Yo te he llamado por tu nombre…Tú eres mio. Tú lo mismo.  Sí, las estrellas nos hablan de llamada, de vocación de fidelidad. Cuando pienso en los Reyes de Oriente, en los que adoraron al Niño Dios, me gusta ver la estrella que los guía, y a ellos que obedientemente se dejan guiar.  “Hemos visto una estrella en Oriente y venimos a adorarle. Es nuestra experiencia. También nosotros advertimos que, poco a poco, en el alma se encendía un nuevo resplandor: el deseo de ser plenamente cristianos; si me permitís la expresión, la ansiedad  de tomarnos a Dios en serio. Si cada uno de vosotros se pusiera ahora a contar en voz alta el proceso íntimo de su vocación sobrenatural, los demás juzgaríamos que todo aquello era divino. Agradezcamos a Dios Padre, a Dios Hijo, a Dios Espíritu Santo y a santa María, por la que nos vienen todas las bendiciones del cielo, este don que, junto con el de la fe, es el más grande que el Señor puede conceder a una criatura: el afán bien determinado de llegar a la plenitud de la caridad, con el convencimiento de que también es necesaria –y no sólo posible- la santidad en medio de las tareas profesionales, sociales… Considerad con qué finura nos invita el Señor. Se expresa con palabras humanas, como un enamorado: Yo te he llamado por tu nombre… Tú eres mío… Hace falta una recia vida de fe para no desvirtuar esta maravilla, que la Providencia divina pone en nuestras manos. Fe como la de los Reyes Magos: la convicción de que ni  el desierto, ni las tempestades, ni la tranquilidad de los oasis nos impedirán llegar a la meta del Belén eterno: la vida definitiva con Dios “ (J. Escrivá de Balaguer, Es Cristo que pasa, n. 32).

         He querido traer aquí esta cita larga del Beato Josemaría Escrivá, Fundador del Opus Dei. En primer lugar porque me impresionan la fuerza de sus palabras. En segundo lugar por la profunda realidad teológica que encierran. Y en tercer lugar porque el próximo día 9 de enero celebramos los 100 años de su nacimiento en su querido pueblo de Barbastro.  Pronto será canonizado. Los que le conocimos ya sabíamos que era santo. Falta la última palabra de la Iglesia para confirmar este convencimiento, y sentirnos agradecidos por Dios que da al mundo gente así, dispuesta a darlo todo y abrir caminos nuevos por donde todo el mundo pueda ir seguro al encuentro con Dios. El se dejó guiar siempre, como los Magos, por la estrella de su fe, de su vocación, de su carisma particular. Y en esta fiesta de la Epifanía yo quiero contemplar en él a esos nuevos personajes que vienen de cualquier parte del mundo buscando a Dios sinceramente.

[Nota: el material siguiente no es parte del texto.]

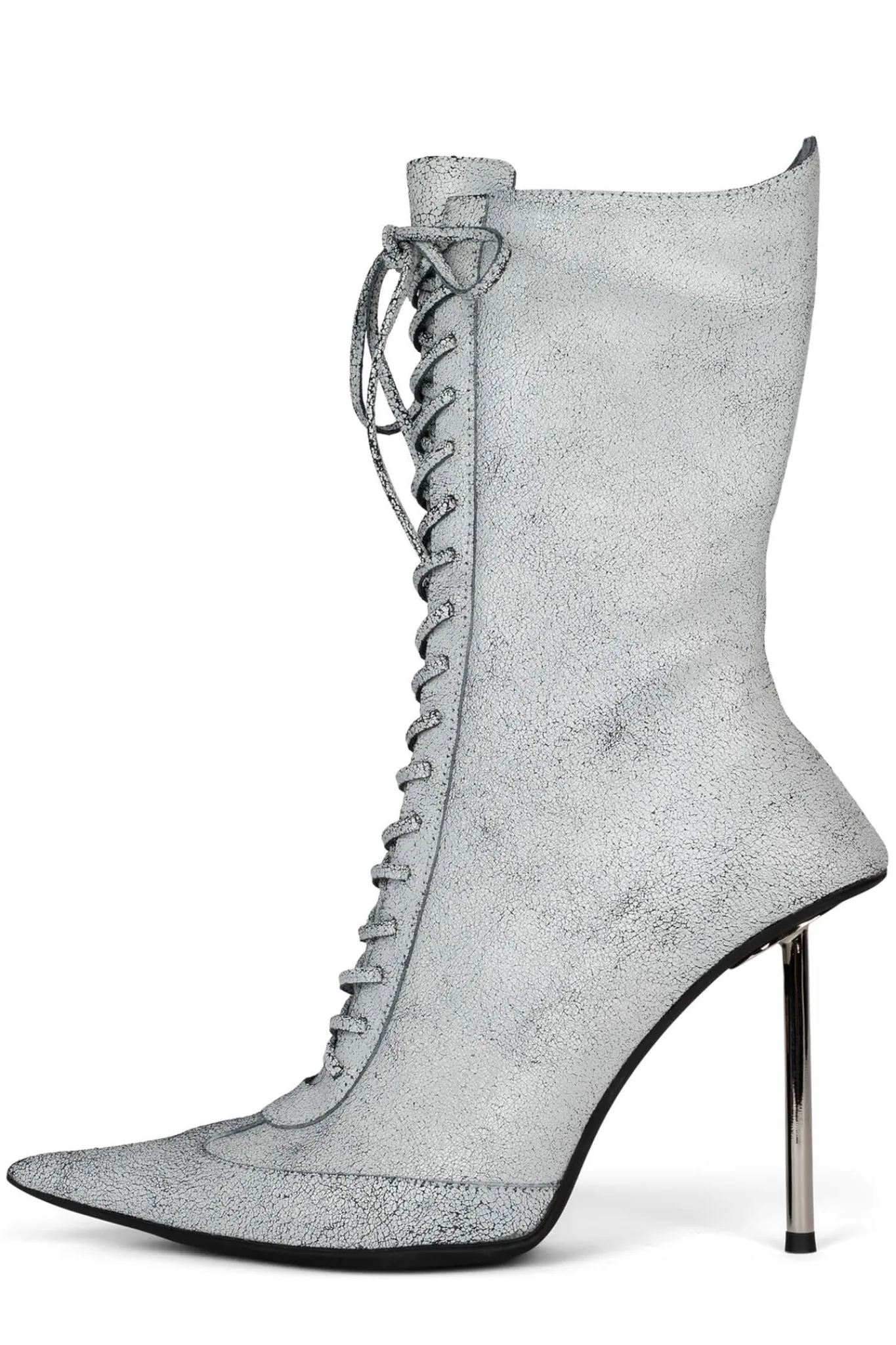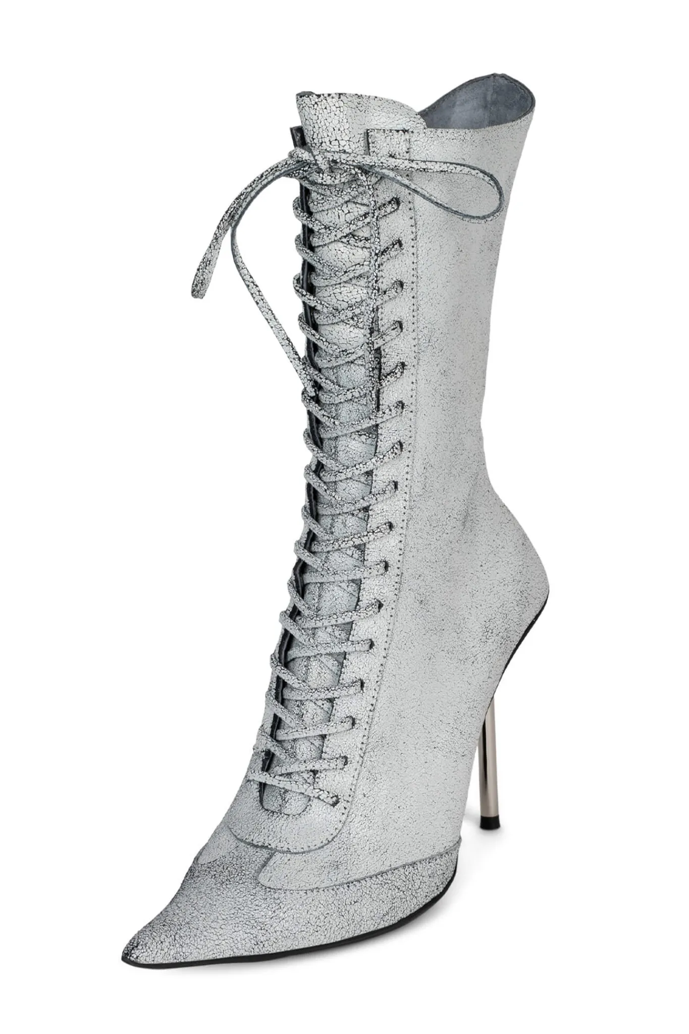 Mid-calf pointed-toe lace-up stiletto bootFits true to sizeMeasurements taken from a size 7 4″ Heel, 0.25″ Platform9″ S…
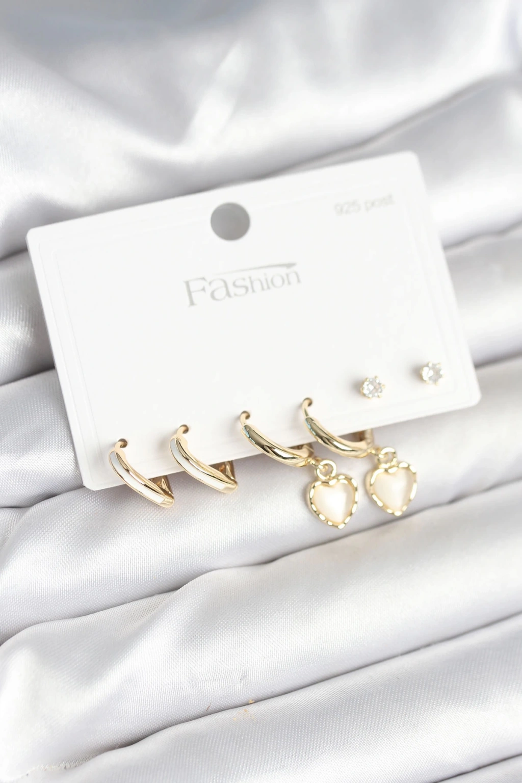 Dodes Dodes Pirinç Gold Renk Kalp Detaylı 925 Ayar Gümüş Çivili Kadın Küpe Seti TG27BKP11258
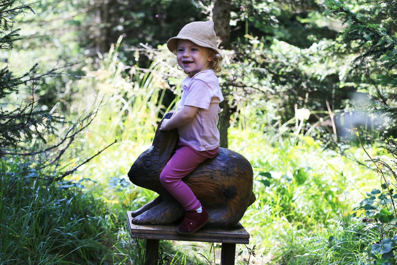 Familie . Abenteuer . Natur . Das sind die wichtigsten Merkmale, die der Familien-Erlebnisweg widerspiegelt. Besonders im Herbst, wenn die Natur zum Spielplatz wird, machen Wanderungen mit Kindern einen Riesenspaß. Bei traumhaftem Wetter, ausgerüstet mit einer Kraxe und dem Rätselheft, mache ich mich mit meiner Schwester und meinem Patenkind Antonia, der kleinen Entdeckerin daran, das Rätsel zu lösen. Als "Goti", was bei uns hier Patentante bedeutet, ist es für mich natürlich immer schön, etwas Zeit mit Antonia zu verbringen und wir drei Mädels freuen uns schon sehr auf einen tollen Wandertag.
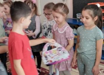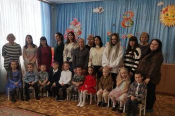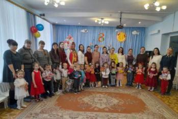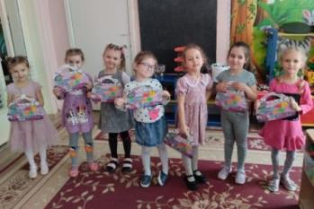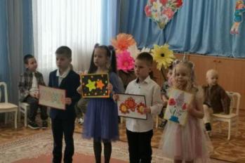 Дети старше-подготовительной группы "Сказка" поздравляли своих любимых песнями, танцами, стихами. А в конце подарили сделанный своими руками цветок.
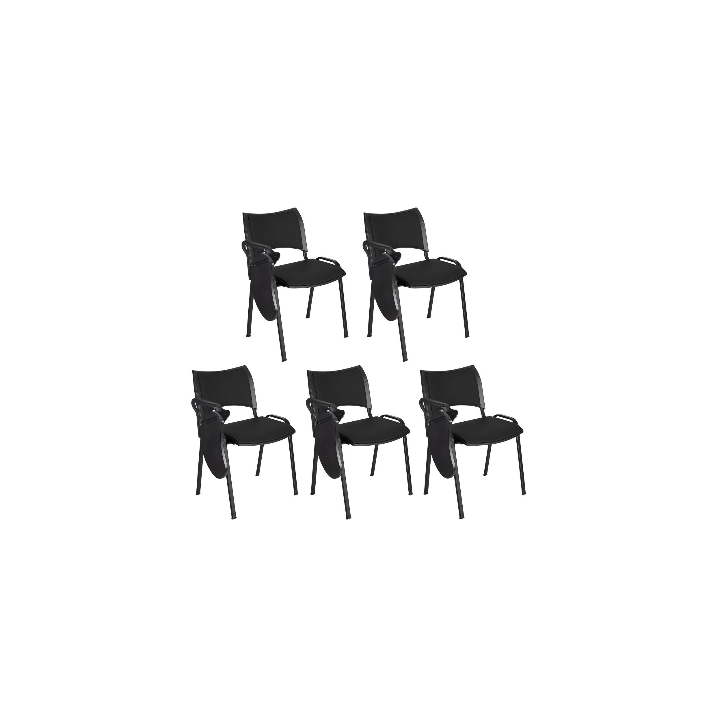 Lote de 5 Sillas de Confidente ROMEL CON PALA PIEL, Cómodo Acolchado, Apilables, Patas Negras, en Negro
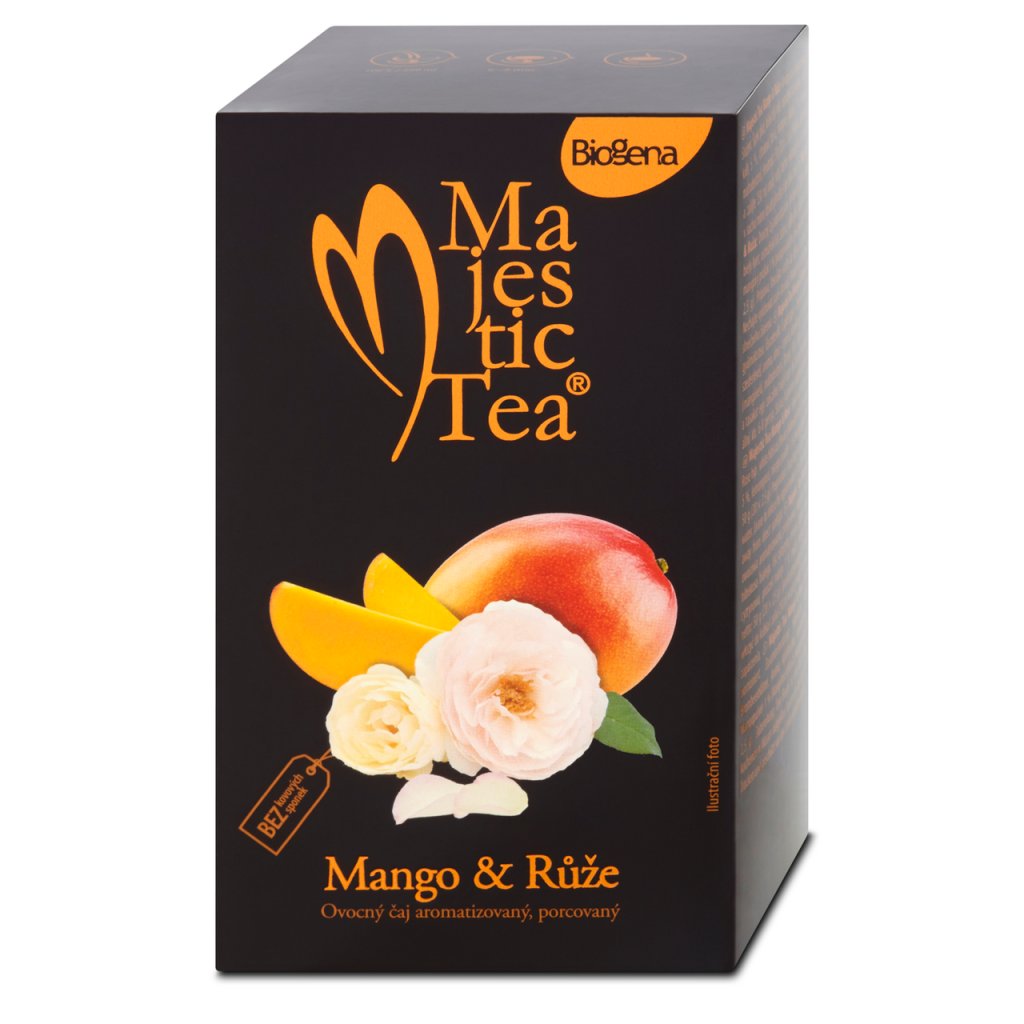 Produkt Biogena Majestic Tea mango-růže aromatizovaný čaj porce 50 g (20 x 2,5 g) Vás nezklame.
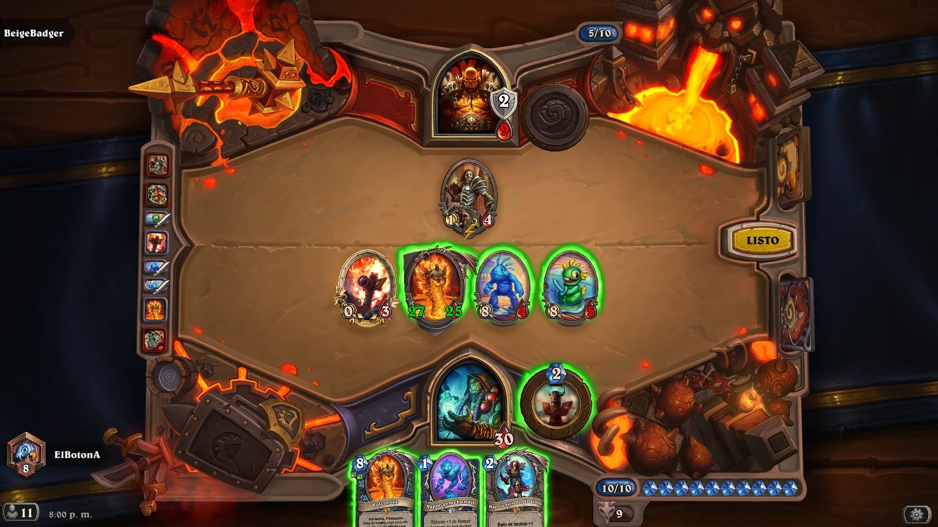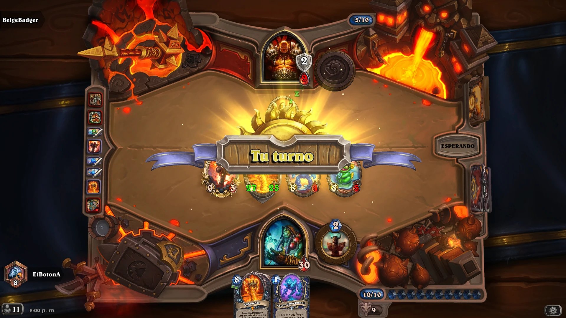 Dive the Golakka Depths del Paladín domina el meta con un 52% de victorias, generando Murlocs infinitamente potentes que abruman a oponentes aggro y de control. Su simplicidad y falta de coste adicional la convierten en una fuerza imparable desde el lanzamiento. Loh, the Living Legend, para el Druida, redefine los mazos Ramp, invocando esbirros masivos tempranamente y terminando partidas con rapidez.
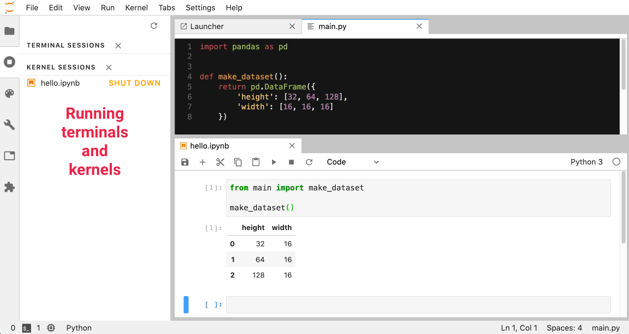 Unlike Jupyter Notebook, you can have multiple tabs open side by side - you can also keep track of your kernels by selecting Running Terminals & Kernels in the sidebar:

Hay una estrella para cada uno, pero hay que levantar la cabeza para descubrirla, escuchar su lenguaje, y seguirla hasta el final. Y al final de cada jornada, cuando parece que todo es una ilusión, una utopía, te tropiezas con Dios hecho hombre que te dice: Yo te he llamado por tu nombre…Tú eres mío… Gracias por haber venido.  Que los Reyes Magos, que Dios en definitiva, os regalen lo mejor. Sobre todo que no falte el regalo de la alegría que nace de la fidelidad a tu propia vocación.

         Yo sólo puedo regalarte desde esta página de Internet un buen deseo: que no pierdas nunca el rastro de tu estrella. Mis queridos nomos, que siempre duermen bajo las estrellas, os saludan a todos y os dicen: SED FELICES.